►

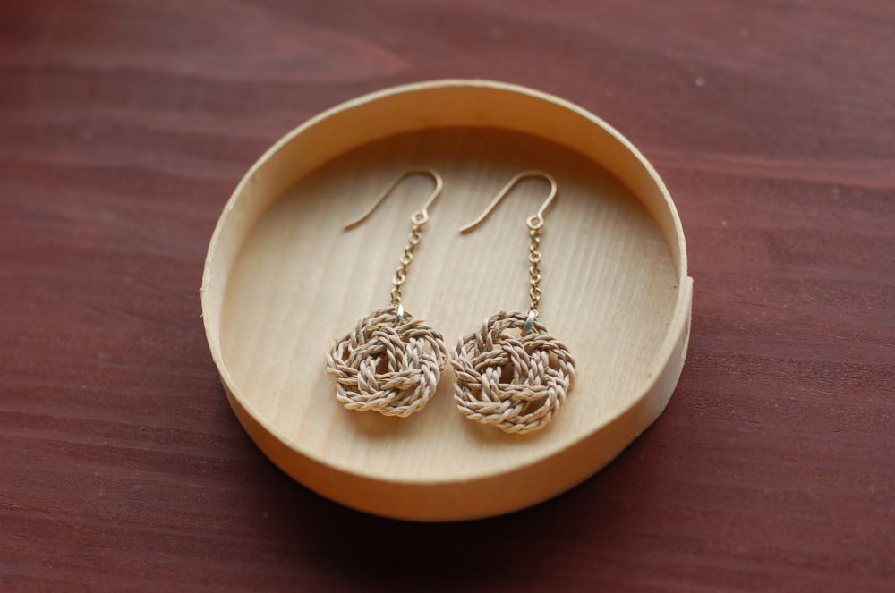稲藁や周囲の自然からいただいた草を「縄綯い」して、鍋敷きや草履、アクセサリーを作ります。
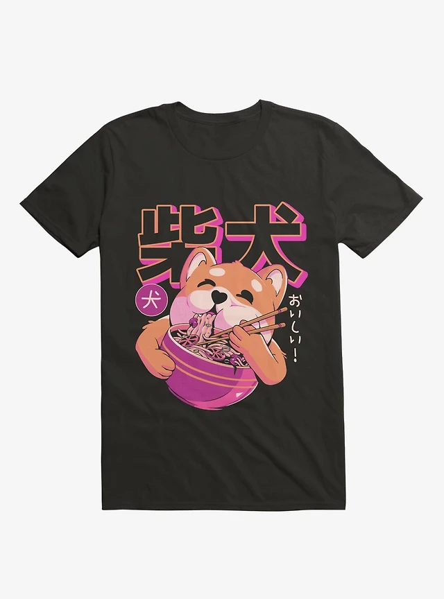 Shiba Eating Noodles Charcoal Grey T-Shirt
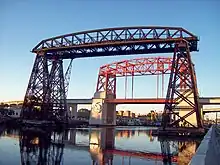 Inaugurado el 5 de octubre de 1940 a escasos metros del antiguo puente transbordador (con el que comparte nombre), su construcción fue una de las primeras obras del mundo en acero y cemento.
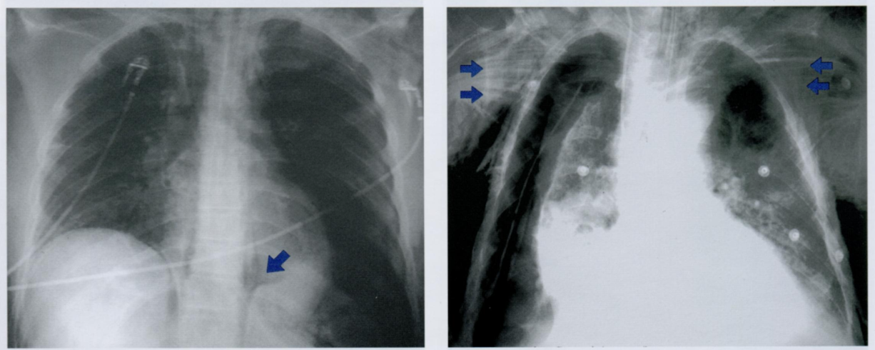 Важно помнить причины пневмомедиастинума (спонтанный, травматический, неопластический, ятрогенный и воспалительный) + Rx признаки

◄
►

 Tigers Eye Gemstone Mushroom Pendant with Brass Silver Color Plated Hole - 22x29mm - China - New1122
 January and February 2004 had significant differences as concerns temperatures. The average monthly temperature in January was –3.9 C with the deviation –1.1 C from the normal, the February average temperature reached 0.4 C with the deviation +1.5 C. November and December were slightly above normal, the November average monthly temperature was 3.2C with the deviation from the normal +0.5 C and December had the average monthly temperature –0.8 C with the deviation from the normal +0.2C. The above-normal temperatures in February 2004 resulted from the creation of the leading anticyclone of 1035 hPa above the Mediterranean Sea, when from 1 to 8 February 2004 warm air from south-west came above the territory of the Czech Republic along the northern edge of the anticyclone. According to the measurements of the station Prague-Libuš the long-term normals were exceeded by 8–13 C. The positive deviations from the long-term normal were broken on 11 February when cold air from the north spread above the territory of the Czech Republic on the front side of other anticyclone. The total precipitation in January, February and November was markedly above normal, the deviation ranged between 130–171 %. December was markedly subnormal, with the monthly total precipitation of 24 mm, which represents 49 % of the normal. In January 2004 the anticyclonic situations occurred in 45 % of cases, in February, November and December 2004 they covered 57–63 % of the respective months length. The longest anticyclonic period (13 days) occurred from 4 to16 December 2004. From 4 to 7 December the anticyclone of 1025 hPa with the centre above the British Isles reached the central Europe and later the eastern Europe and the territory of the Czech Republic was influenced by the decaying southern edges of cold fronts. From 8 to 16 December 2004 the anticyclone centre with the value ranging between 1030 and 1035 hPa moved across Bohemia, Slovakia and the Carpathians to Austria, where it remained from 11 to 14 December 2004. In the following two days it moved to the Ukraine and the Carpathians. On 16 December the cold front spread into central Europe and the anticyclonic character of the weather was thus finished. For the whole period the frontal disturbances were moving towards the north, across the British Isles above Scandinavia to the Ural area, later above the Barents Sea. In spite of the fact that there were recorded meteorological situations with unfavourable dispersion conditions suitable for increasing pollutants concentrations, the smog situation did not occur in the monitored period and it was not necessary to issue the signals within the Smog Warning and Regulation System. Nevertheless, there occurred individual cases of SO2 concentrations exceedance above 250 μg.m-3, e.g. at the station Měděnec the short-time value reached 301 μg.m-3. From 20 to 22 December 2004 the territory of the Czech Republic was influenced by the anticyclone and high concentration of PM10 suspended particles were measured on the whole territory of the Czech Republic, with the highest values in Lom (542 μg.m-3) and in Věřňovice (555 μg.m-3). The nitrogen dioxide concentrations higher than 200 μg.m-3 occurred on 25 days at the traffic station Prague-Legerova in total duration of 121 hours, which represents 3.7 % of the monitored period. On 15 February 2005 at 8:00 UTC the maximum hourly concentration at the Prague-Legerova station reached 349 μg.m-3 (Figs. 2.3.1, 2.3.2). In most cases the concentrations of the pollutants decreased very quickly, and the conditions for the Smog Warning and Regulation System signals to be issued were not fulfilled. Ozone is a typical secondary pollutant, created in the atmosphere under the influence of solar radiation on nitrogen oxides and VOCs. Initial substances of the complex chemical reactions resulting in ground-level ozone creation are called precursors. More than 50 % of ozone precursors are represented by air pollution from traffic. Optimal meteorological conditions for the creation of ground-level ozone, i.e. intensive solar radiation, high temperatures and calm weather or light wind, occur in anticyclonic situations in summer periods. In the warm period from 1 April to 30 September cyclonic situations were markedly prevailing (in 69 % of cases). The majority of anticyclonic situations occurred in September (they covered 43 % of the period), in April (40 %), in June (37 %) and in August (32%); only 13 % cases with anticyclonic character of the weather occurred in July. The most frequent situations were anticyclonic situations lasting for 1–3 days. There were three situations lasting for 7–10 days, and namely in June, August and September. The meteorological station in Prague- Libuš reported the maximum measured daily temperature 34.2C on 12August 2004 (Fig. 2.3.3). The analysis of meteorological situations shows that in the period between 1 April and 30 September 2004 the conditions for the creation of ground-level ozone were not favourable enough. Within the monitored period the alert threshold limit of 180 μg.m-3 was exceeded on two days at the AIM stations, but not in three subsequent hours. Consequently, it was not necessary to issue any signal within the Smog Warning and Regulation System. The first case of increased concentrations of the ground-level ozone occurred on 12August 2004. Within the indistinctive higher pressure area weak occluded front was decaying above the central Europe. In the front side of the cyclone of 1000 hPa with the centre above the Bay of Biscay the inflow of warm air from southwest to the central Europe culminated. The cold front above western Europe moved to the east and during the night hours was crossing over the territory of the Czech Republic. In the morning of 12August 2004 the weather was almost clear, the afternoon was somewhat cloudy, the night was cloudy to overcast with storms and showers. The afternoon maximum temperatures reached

◄

The material above holds pictures; leave them out and set down exactly the lines from the line with "稲藁や周囲の自然からいただい" to the line with "Важно помнить причины", both included.

稲藁や周囲の自然からいただいた草を「縄綯い」して、鍋敷きや草履、アクセサリーを作ります。
 Shiba Eating Noodles Charcoal Grey T-Shirt
 Inaugurado el 5 de octubre de 1940 a escasos metros del antiguo puente transbordador (con el que comparte nombre), su construcción fue una de las primeras obras del mundo en acero y cemento.
 Важно помнить причины пневмомедиастинума (спонтанный, травматический, неопластический, ятрогенный и воспалительный) + Rx признаки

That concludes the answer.